Add Astral Ltd For Target Rs. 1,964 - ICICI Securities
Embedded optionality offers valuation comfort
While we downgrade Astral Ltd (ASTRA) to ADD from Buy on the recent surge in stock price, we remain highly optimistic on the growth prospects of the company over the next 3-5 years. Besides the inherent growth prospects of both its pipes and adhesive divisions (capable of delivering 15-20% revenue CAGR over next 5 years), the business model has embedded optionality which provides healthy comfort to otherwise seeming expensive valuations. These include - 1) huge cash on books (to exceed Rs10bn by FY23) which would likely open up substantial organic/inorganic growth opportunities, 2) low market share in pipes (7.5%) and adhesives (3%) to drive substantial scalability over the next 5 years, 3) recently launched DWC pipes and tanks to drive sound revenue visibility, 4) East India plant (to come on stream by Oct’21) to open up massive opportunity in the region where the leading player Supreme Industries (SI) was almost 10x the size of ASTRA in FY21, and 5) new product launches in pipes & adhesives to contribute meaningfully over the next 3-5 years. Q4FY21 earnings key highlights: A) Industry leading volume growth of ~26% YoY in pipes, b) adhesive revenue growth at 73% YoY, and c) all-time high EBITDA margins in both business segments despite cost inflation.
Valuation and outlook:
Considering the robust growth outlook and the expected improvement in margins in both pipe and adhesive businesses, we increase our revenue and PAT estimates by 3.3%/3.1% and 8.4%/7.3%, respectively, for FY22E/FY23E. We expect ASTRA to report overall revenue/PAT CAGRs of 24.9%/33.2%, respectively, over FY21-FY23E. With the recent surge in stock price, we downgrade it to ADD (from Buy) with a revised target price of Rs1,964 (earlier: Rs1,665), implying a P/E multiple of 55x FY23E earnings.
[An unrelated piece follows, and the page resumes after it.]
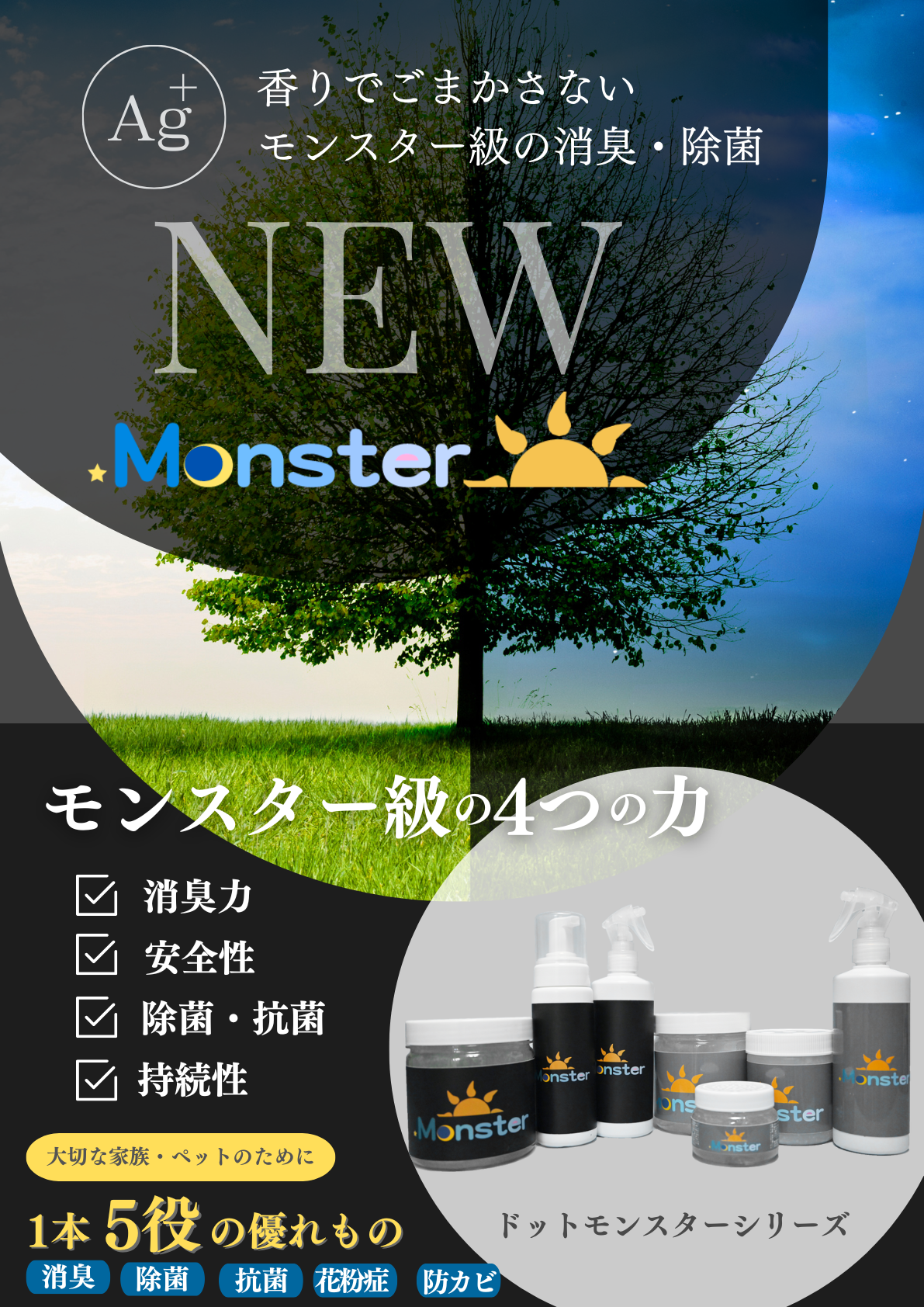 .Monstrerの成分である「銀イオン」Ag+は、高濃度の銀イオンAg+で長時間効果を持続、安全で自然環境にもやさしい製品です

Key risks: 1) Sharp decline in PVC prices and 2) lower than expected pick-up in adhesive business.
Pipe business reports industry leading 25.8% volume growth:
ASTRA reported 25.8% YoY industry leading volume growth in its piping segment led by robust growth in CPVC piping segment and market share gains. Standalone EBITDA margin at 23.5% (I-Sec: 20.5%), up 60bps QoQ, was led by inventory gains of Rs300mn, operating leverage and superior product mix. With robust growth outlook (Apr’21 witnessing 154% YoY revenue growth) amid likely industry consolidation, possible new product launches and expected improvement in margins led by better mix and decentralisation, we estimate ASTRA’s standalone revenue/PBT to grow at 22%/27.2% CAGRs, respectively, over FY21-FY23E.
Adhesive business revenue grew 73% YoY; robust outlook ahead:
Adhesive business reported an impressive 73% YoY growth in revenues on the back of new product launches, sharp demand recovery and considerable pick-up in construction activity pan-India. EBIDTA margin surprised at 17.7%, up 140bps QoQ (despite input cost cost inflation), largely driven by operating leverage and price hikes. With growth recovery expected to sustain, we expect adhesive business to register revenue and PBT CAGRs of 30.5% and 44.3%, respectively, over FY21-FY23E.